Pada hari kedua pasca operasi, terdapat tanda-tanda peningkatan
kemerahan dan edema di sekitar skrotum yang menjadi lebih berat yang
menimbulkan kecurigaan yang kuat terhadap gangren Fournier.
Debridemen bedah darurat dari jaringan skrotum nekrotik dilakukan
dengan anestesi umum. Setelah operasi ini, pasien membaik dan weaned
dari bantuan ventilasi.
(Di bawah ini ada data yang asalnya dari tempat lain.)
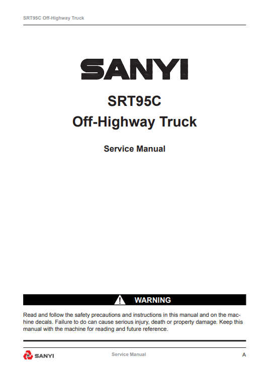 The SANY SRT95C Rigid Off-Highway Mining Truck Service Repair Manual is an essential resource for maintaining and servicing your heavy-duty mining equipment. This comprehensive guide provides detailed instructions, diagrams, and troubleshooting tips to ensure optimal performance and longevity of your truck. With clear, step-by-step procedures, it empowers operators and technicians to efficiently address repairs and maintenance tasks, minimizing downtime and maximizing productivity on the job site. Invest in this manual to enhance your operational efficiency and safeguard your investment in SANY machinery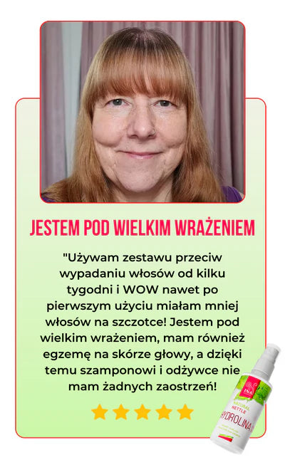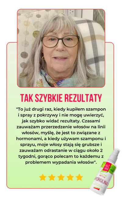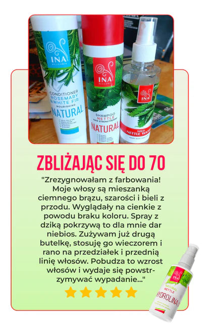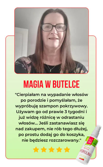 Hydrolina z Pokrzywy (150ml) to coś więcej niż tylko wspaniała butelka, to prawdziwe opinie klientów. Dzięki imponującemu wynikowi satysfakcji klientów wynoszącemu ponad 90%, nasz produkt pokazuje swoją siłę w walce z wypadaniem włosów i przetłuszczaniem się włosów, jednocześnie poprawiając ogólny stan zdrowia włosów. Nie wierz nam na słowo, przeczytaj historie naszych klientów.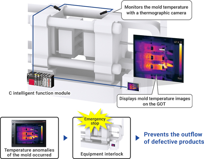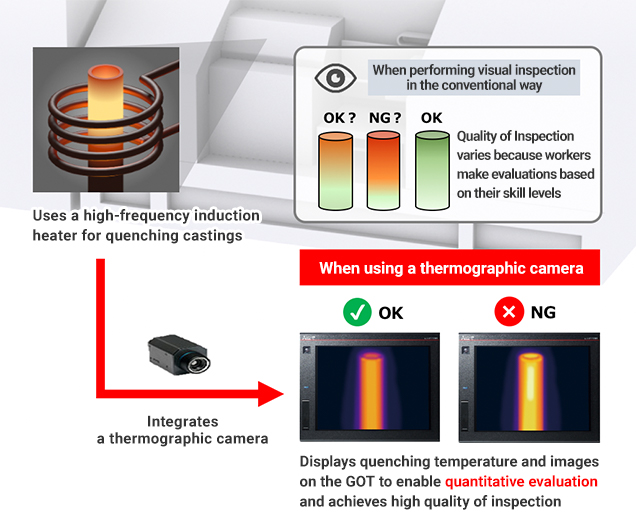 - The casting quality is improved by displaying temperature data detected by the thermographic camera as pseudo-color images on the GOT, enabling visualization.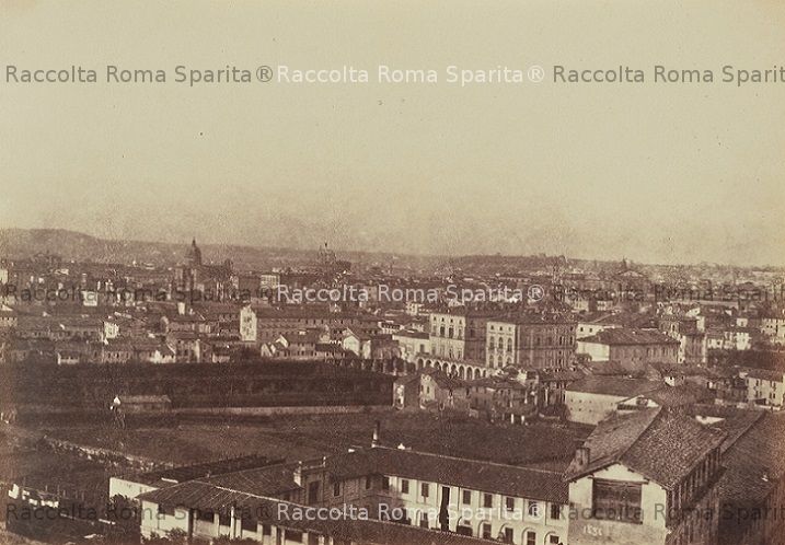 Descrizione: Panorama dalla terrazza di Via Garibaldi, davanti alla Mostra dell’Acqua Paola (er Fontanone) Anno. 1856/59 Fotografo: Jane St. John Fonte: Getty Images Aggiunta da Loredana Diana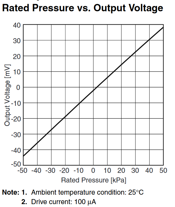 This sensor requires a 100uA constant current source to power it, and offers an output voltage ranging from approximatly -45 to 38mV, and so requires external amplification from an instrumentation amplifier.

Pada hari ke 6 pasca operasi, pasien keluar dari
ICU ke bangsal tanpa komplikasi.11

KESIMPULAN
Kasus kami menunjukkan pentingnya mempertimbangkan gangren
Fournier sebagai komplikasi dari proses septik intraabdomen, bahkan
pada pasien muda, sehat, imunokompeten, bahkan tanpa adanya nyeri
perut, terutama pada pasien yang memburuk dengan cepat dan untuk
memulai tindakan medis dan tatalaksana yang agresif. resusitasi bedah
dan kontrol sumber untuk mencapai hasil yang dapat diterima.